**Dataset content:**
= = = = =
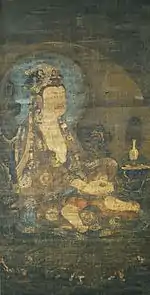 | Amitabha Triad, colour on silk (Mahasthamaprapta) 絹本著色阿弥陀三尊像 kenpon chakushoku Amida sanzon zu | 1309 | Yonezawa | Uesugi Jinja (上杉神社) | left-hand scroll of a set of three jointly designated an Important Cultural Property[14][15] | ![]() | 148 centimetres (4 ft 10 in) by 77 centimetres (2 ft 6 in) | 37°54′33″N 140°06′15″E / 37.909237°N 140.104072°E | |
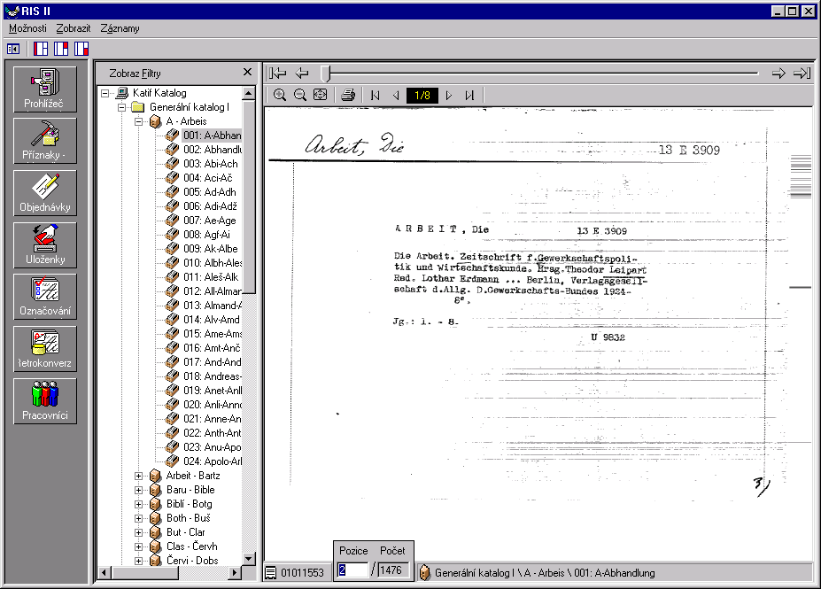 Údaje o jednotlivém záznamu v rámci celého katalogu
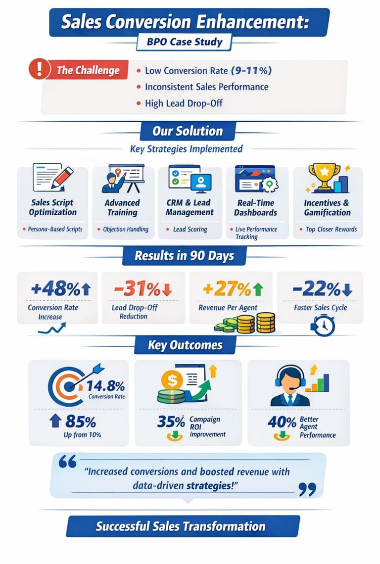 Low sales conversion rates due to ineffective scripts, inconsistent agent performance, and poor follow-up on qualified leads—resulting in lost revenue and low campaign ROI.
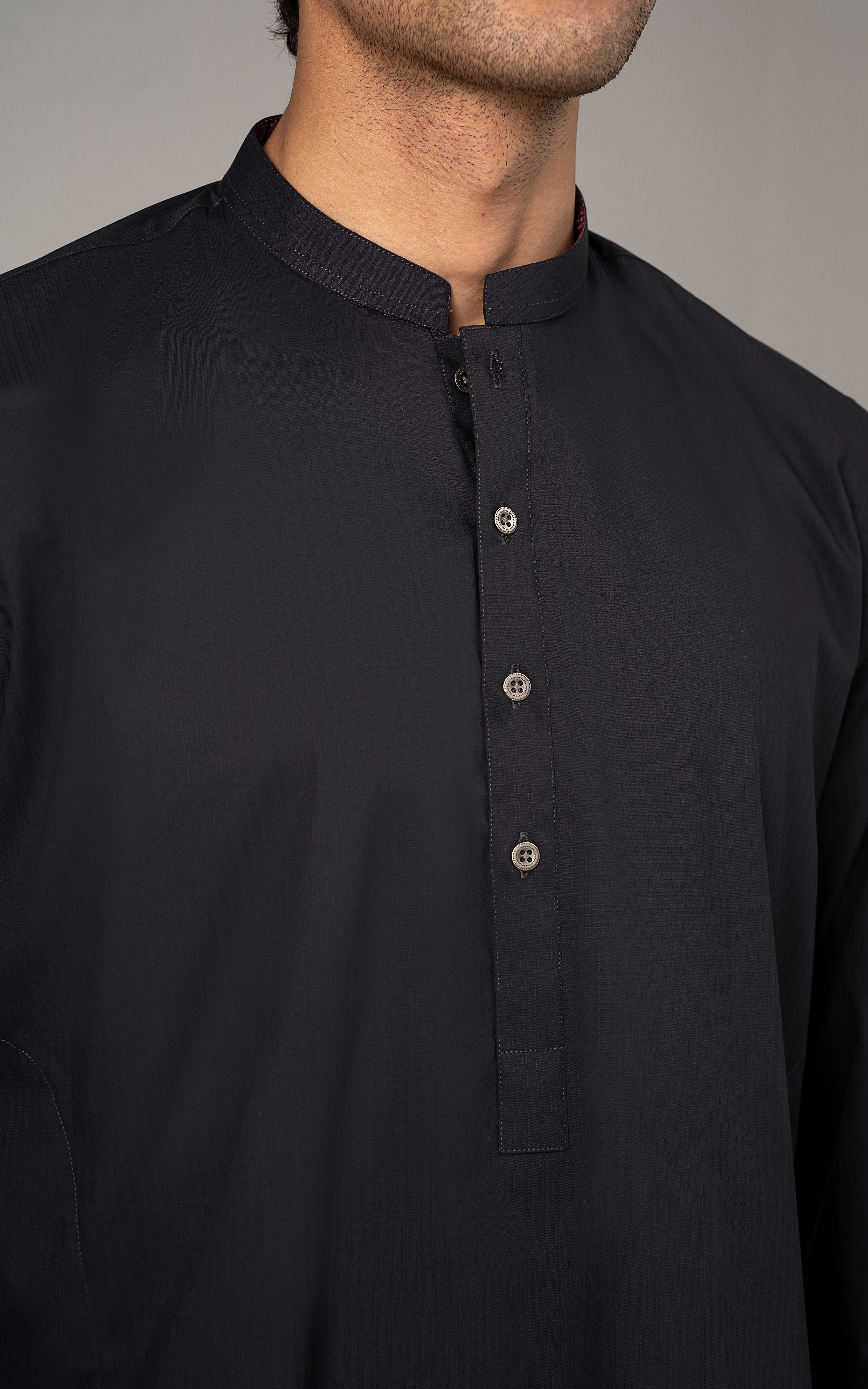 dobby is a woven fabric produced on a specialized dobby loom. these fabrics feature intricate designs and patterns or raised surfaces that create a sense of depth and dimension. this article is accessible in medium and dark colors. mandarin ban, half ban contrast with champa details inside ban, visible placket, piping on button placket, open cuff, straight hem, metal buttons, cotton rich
= = = = =
Only the pictures should be left out; the rest of the material above must be repeated exactly.

**Task output:**
 | Amitabha Triad, colour on silk (Mahasthamaprapta) 絹本著色阿弥陀三尊像 kenpon chakushoku Amida sanzon zu | 1309 | Yonezawa | Uesugi Jinja (上杉神社) | left-hand scroll of a set of three jointly designated an Important Cultural Property[14][15] | ![]() | 148 centimetres (4 ft 10 in) by 77 centimetres (2 ft 6 in) | 37°54′33″N 140°06′15″E / 37.909237°N 140.104072°E | |
 Údaje o jednotlivém záznamu v rámci celého katalogu
 Low sales conversion rates due to ineffective scripts, inconsistent agent performance, and poor follow-up on qualified leads—resulting in lost revenue and low campaign ROI.
 dobby is a woven fabric produced on a specialized dobby loom. these fabrics feature intricate designs and patterns or raised surfaces that create a sense of depth and dimension. this article is accessible in medium and dark colors. mandarin ban, half ban contrast with champa details inside ban, visible placket, piping on button placket, open cuff, straight hem, metal buttons, cotton rich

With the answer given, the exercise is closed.